TexasPopulation: 873,167McAllen, TX Metro
60
/100
Hold
#329 of 1,000 counties
#62 in Texas (243 counties)
Analysis by RentalCalcs Research·Independent data + algorithm-driven scoring
Updated May 12, 2026Sources: Zillow ZHVI, Zillow ZORI, US Census ACS, Tax Foundation

Market Snapshot

$193,561
Median Home Price
17% below national median
$1,103/mo
Median Rent
27% below national median
6.84%
Rent-to-Price Ratio
Top 27% nationally
-$298
Est. Monthly Cash Flow
With 20% down at 6.9% rate

Hidalgo market analysis

Hidalgo County sits at the cash-flow end of the spectrum, but only barely, and not in a good way at current financing costs. The gross rent-to-price ratio comes in at 0.68%, annualized to roughly 8.2%, which sounds workable until you run the actual numbers. At a $193,561 purchase price with 20% down and a 6.85% rate, the model spits out a monthly mortgage of $1,015 against median rent of $1,103, leaving $88 before expenses.

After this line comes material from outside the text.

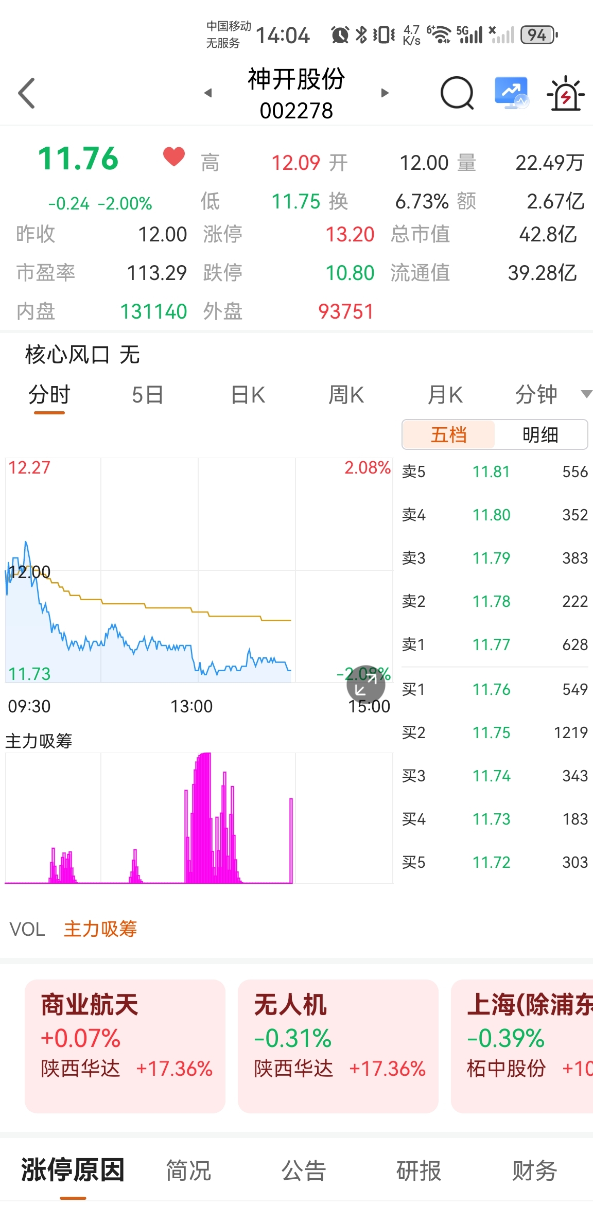 $神开股份(SZ002278)$ 主力今天吸筹盆满钵满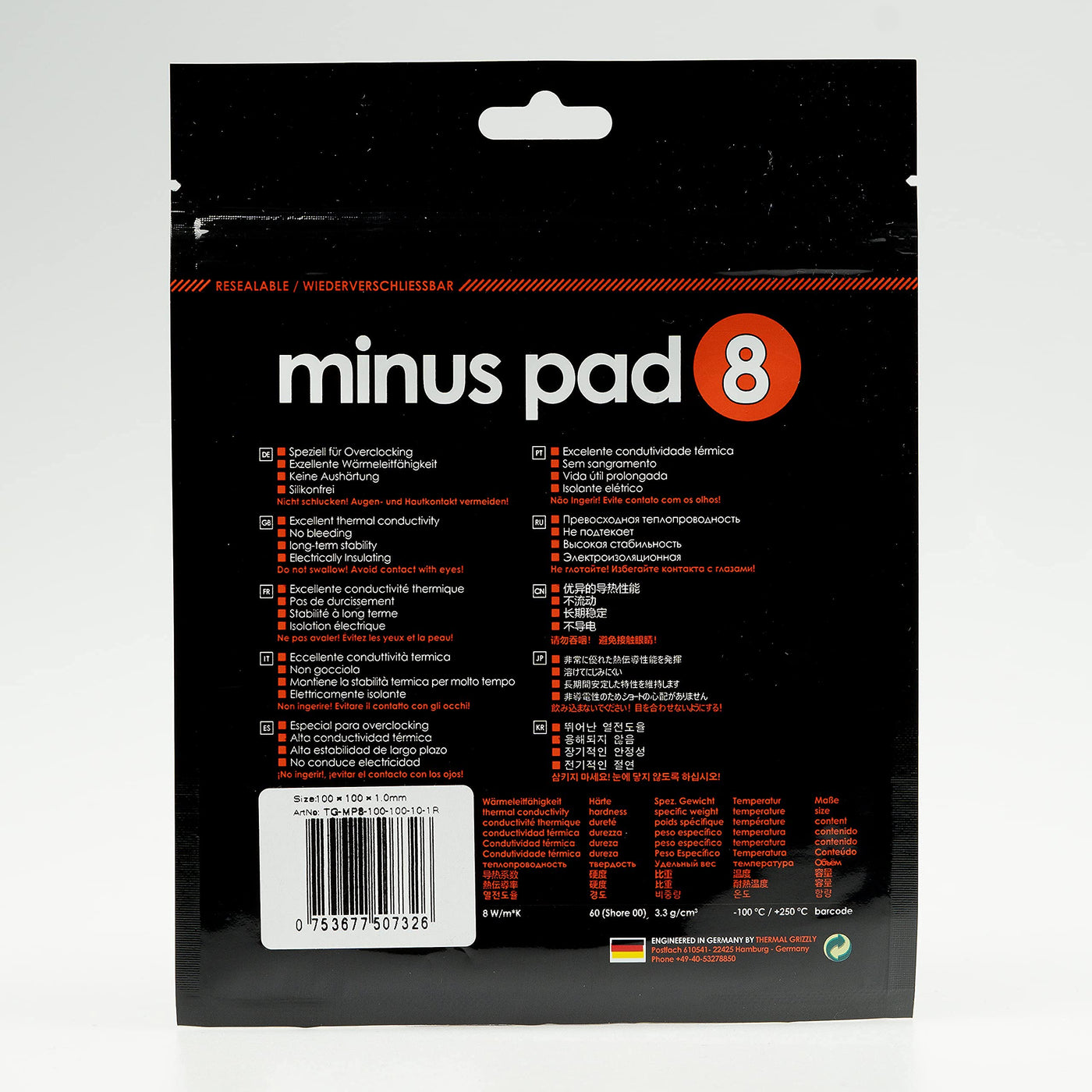 Thermal Grizzly Minus Pad 8 (100X100X1,0Mm) Self Adhesive Cooling Conductive Thermal Pad Elastic And Adaptable Silicone Thermopad Cpu/Gpu/Ps4/Ps5/Xbox

Once you layer in the $386 in estimated monthly expenses, you're looking at negative $298 per month in cash flow and a cash-on-cash return of -8.03%. The cap rate of 4.45% tells the fuller story: this market is priced for more than it currently delivers on income. Year-over-year home price growth of 0.19% offers essentially no appreciation cushion either, so you're not being compensated on either side of the equation at the moment. The overall score of 60 out of 100, landing at the 57th percentile nationally and ranked 62nd out of 243 Texas counties, reflects a market that is neither a standout cash-flow play nor a growth story, at least not right now.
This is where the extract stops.